A survey commissioned by technology giant Hewlett-Packard has revealed that the current financial crisis has brought about an increased tendency for IT heads in the Asia Pacific to move away from the mainframe and outsource aspects of their enterprise IT operations. The survey covered 490 business and technology executives across the globe, between December 2008 and January 2009. More than 100 (128) respondents were from countries in the Asia Pacific, such as Australia, China, India, Japan and the Philippines.
Survey results showed that 29 per cent of the Asia Pacific respondents indicated they were likely to move away from the use of mainframes. This figure is higher than the 22 per cent result showed for the United States and Canada.

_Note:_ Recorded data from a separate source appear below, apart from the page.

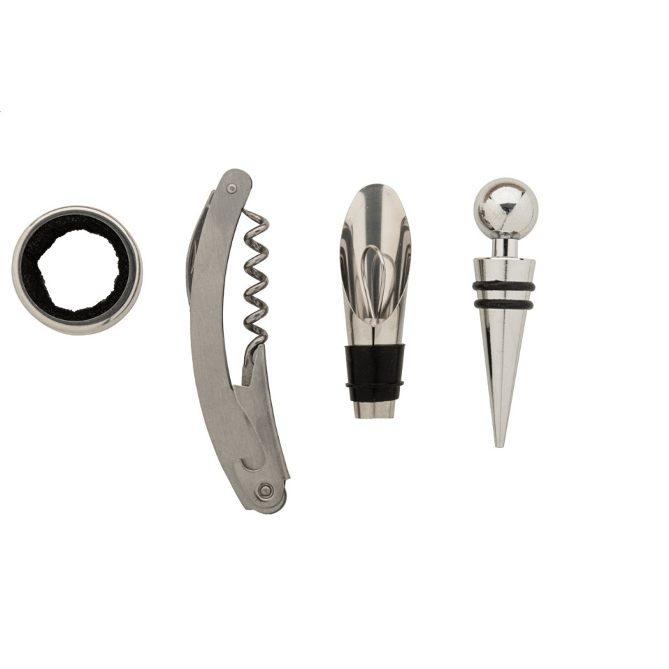 Praktische 4-delige wijnset van roestvrij staal in een flesvormige bamboe kist, inclusief kurkentrekker, druppelstop, schenktuit en flessenstop. Ideaal voor thuisgebruik, cadeau of als accessoire tijdens sociale gelegenheden.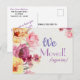 Une carte de faire-part mobile amusante et colorée à envoyer à la famille et aux amis. Doté d'une belle bordure fleurie et de couleurs pastel douces avec typographie script tendance. Un design simple mais élégant. Entrez votre nouvelle adresse et modifiez-la avec un message et vos noms. L'outil de conception vous aidera à changer les polices et les couleurs.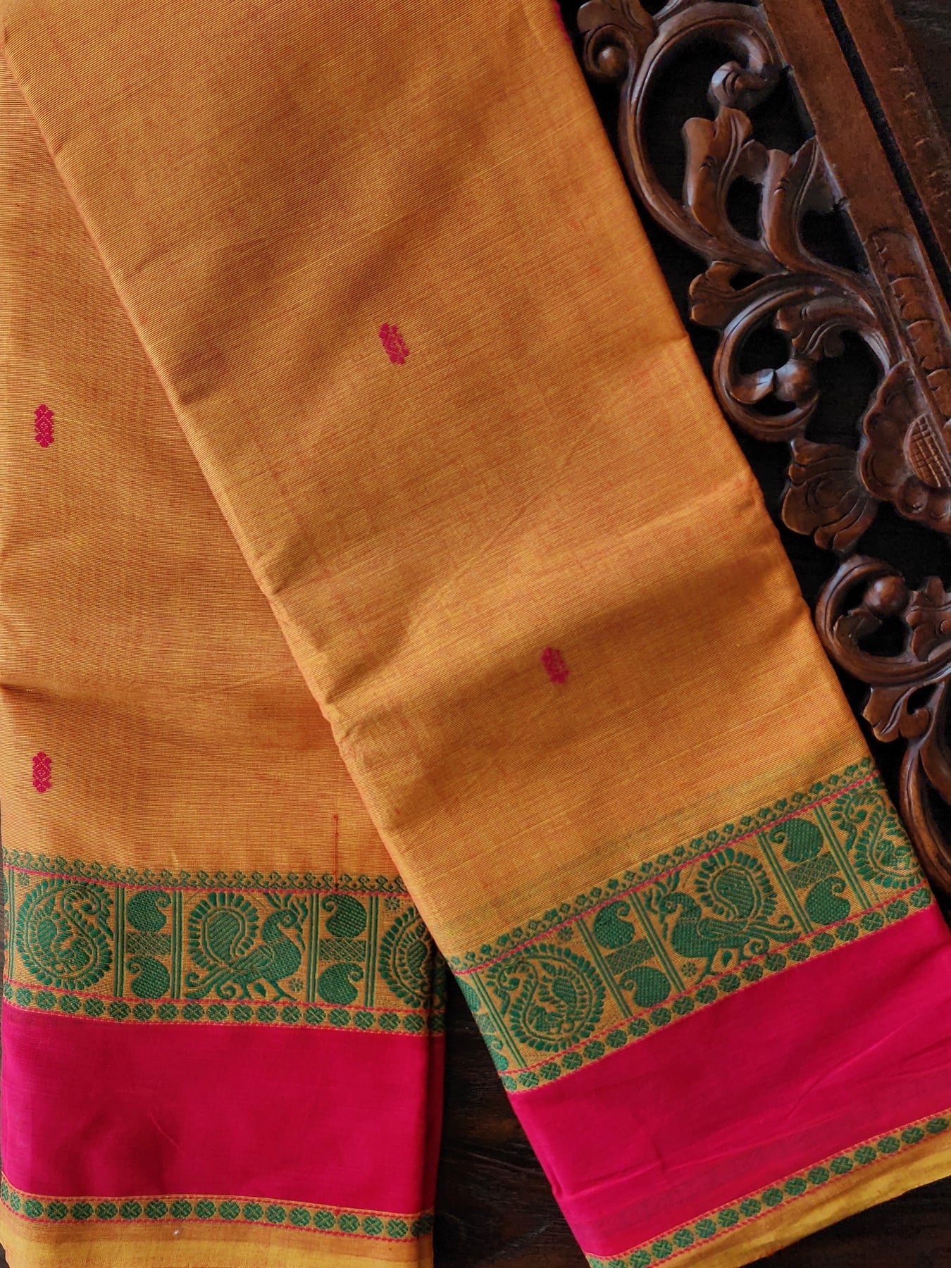 Handloom Kanchi Cotton Saree with running blouse fabric

Reasons given for moving away from mainframes were mainly associated with the high costs associated with maintenance and licensing.
"Mainframes are more expensive than today's servers," said a respondent from the Asia Pacific.
"The mobility of mainframes is not satisfactory. Every movement would product extra significant expenses. Therefore, our company must control some unnecessary costs during the global economic downturn," said another respondent from the region.
Driver behind decision
Cost was also cited as a driver behind companies' decisions to outsource aspects of their IT operations. More than half (52 per cent) of respondents in the Asia Pacific found outsourcing to be an attractive option, given the current financial crisis, while just more than a third of respondents from North and Latin America found outsourcing attractive.
Other factors influencing the decision to outsource include the quality of service and solutions, increased flexibility, manageability, efficiency or projects which require specific skills.
"Owing to our insufficiency in technical strength, we need the help of outsourcing companies, and their resources, to complete some upgrading or optimising tasks," said an Asia Pacific respondent. "To us, outsourcing can save costs, and their technical strengths are higher as they have specific professions in specific fields, hence, their end-products or results are usually better than doing [it] ourselves."
Respondents from Europe and the Middle East registered the lowest interest in outsourcing, with only 30 per cent of respondents looking upon the concept favourably.